● **The task**
Please write out every line of the listing without alteration, but omit the images.

● **Recorded information**
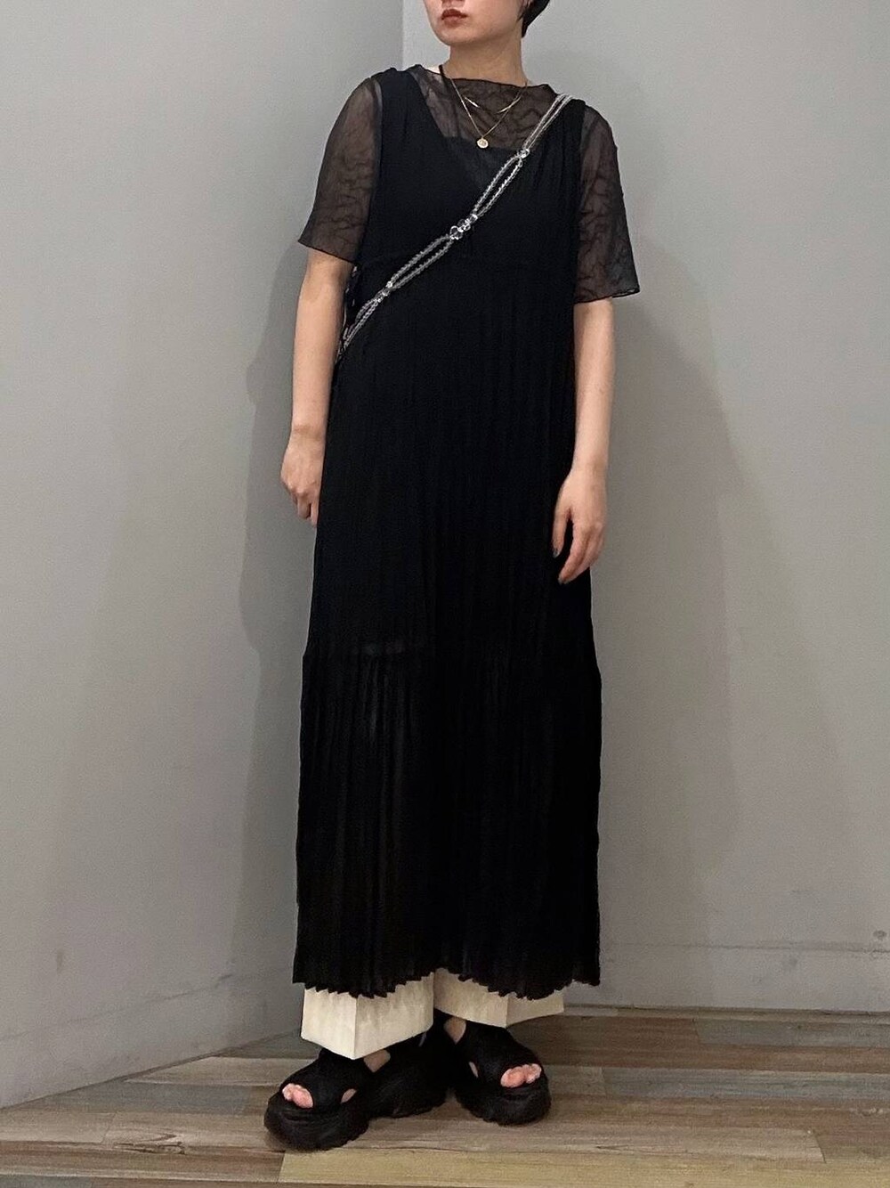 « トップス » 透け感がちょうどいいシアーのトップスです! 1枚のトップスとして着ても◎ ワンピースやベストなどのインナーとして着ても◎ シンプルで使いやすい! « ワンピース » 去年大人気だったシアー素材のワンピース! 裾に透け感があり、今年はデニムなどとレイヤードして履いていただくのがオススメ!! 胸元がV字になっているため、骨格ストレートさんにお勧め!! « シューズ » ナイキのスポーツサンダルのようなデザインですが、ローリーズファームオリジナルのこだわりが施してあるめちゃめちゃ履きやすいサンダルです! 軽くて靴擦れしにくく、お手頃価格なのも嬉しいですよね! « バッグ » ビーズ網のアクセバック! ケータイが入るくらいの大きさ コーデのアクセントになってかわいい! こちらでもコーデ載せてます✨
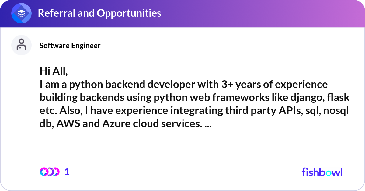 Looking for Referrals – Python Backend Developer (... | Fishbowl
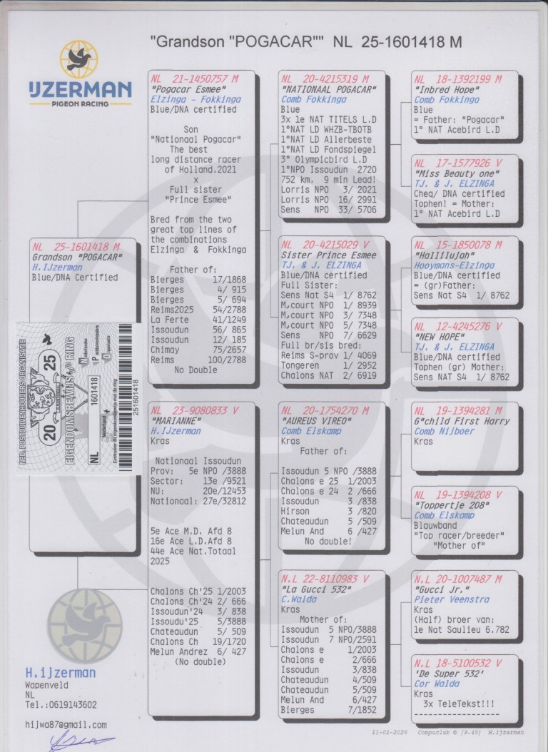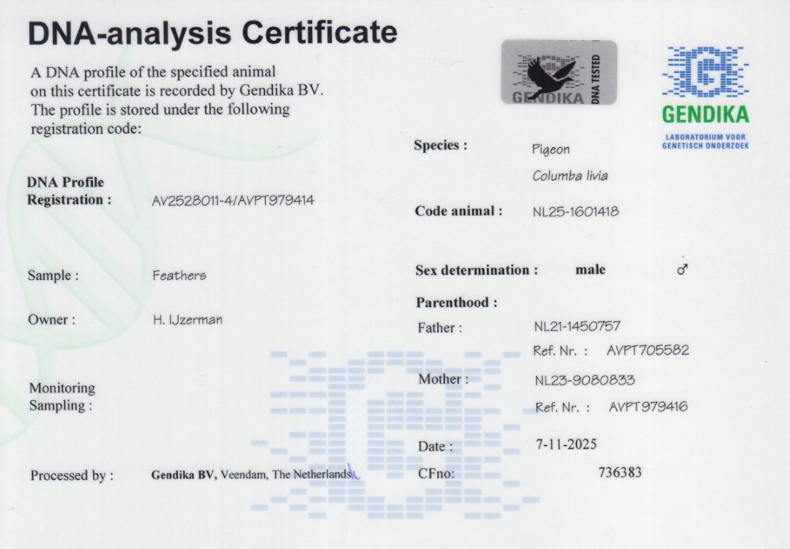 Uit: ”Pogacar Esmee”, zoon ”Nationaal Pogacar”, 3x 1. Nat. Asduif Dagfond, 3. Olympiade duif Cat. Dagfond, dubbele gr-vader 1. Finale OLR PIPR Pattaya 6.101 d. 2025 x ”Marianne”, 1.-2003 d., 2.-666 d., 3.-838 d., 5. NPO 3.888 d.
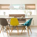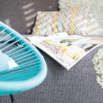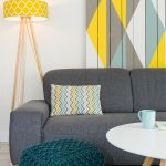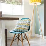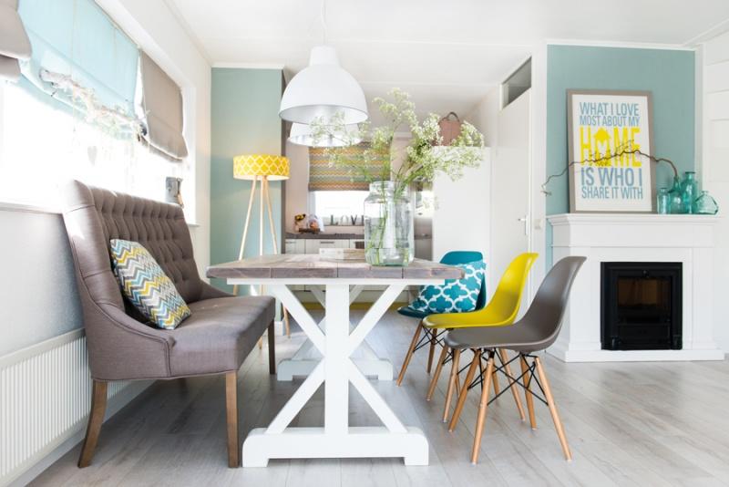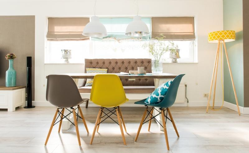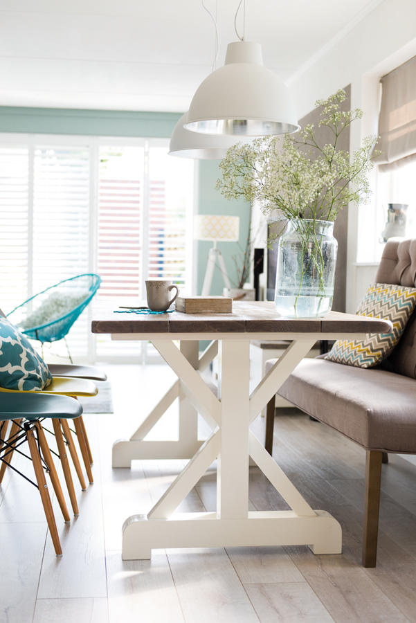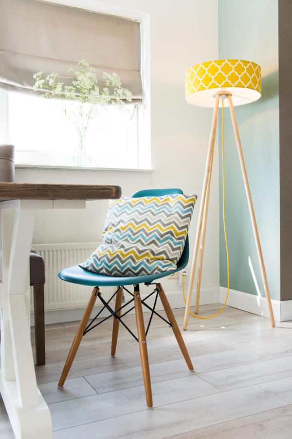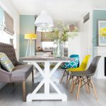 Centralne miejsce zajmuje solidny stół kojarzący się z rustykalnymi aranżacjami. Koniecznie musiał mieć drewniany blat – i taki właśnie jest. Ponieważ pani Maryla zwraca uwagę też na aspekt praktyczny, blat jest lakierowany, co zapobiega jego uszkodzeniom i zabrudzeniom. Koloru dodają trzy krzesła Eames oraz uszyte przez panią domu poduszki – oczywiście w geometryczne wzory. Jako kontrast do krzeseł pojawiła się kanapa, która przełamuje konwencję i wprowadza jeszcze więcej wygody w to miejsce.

● **Answer area**
 « トップス » 透け感がちょうどいいシアーのトップスです! 1枚のトップスとして着ても◎ ワンピースやベストなどのインナーとして着ても◎ シンプルで使いやすい! « ワンピース » 去年大人気だったシアー素材のワンピース! 裾に透け感があり、今年はデニムなどとレイヤードして履いていただくのがオススメ!! 胸元がV字になっているため、骨格ストレートさんにお勧め!! « シューズ » ナイキのスポーツサンダルのようなデザインですが、ローリーズファームオリジナルのこだわりが施してあるめちゃめちゃ履きやすいサンダルです! 軽くて靴擦れしにくく、お手頃価格なのも嬉しいですよね! « バッグ » ビーズ網のアクセバック! ケータイが入るくらいの大きさ コーデのアクセントになってかわいい! こちらでもコーデ載せてます✨
 Looking for Referrals – Python Backend Developer (... | Fishbowl
 Uit: ”Pogacar Esmee”, zoon ”Nationaal Pogacar”, 3x 1. Nat. Asduif Dagfond, 3. Olympiade duif Cat. Dagfond, dubbele gr-vader 1. Finale OLR PIPR Pattaya 6.101 d. 2025 x ”Marianne”, 1.-2003 d., 2.-666 d., 3.-838 d., 5. NPO 3.888 d.
 Centralne miejsce zajmuje solidny stół kojarzący się z rustykalnymi aranżacjami. Koniecznie musiał mieć drewniany blat – i taki właśnie jest. Ponieważ pani Maryla zwraca uwagę też na aspekt praktyczny, blat jest lakierowany, co zapobiega jego uszkodzeniom i zabrudzeniom. Koloru dodają trzy krzesła Eames oraz uszyte przez panią domu poduszki – oczywiście w geometryczne wzory. Jako kontrast do krzeseł pojawiła się kanapa, która przełamuje konwencję i wprowadza jeszcze więcej wygody w to miejsce.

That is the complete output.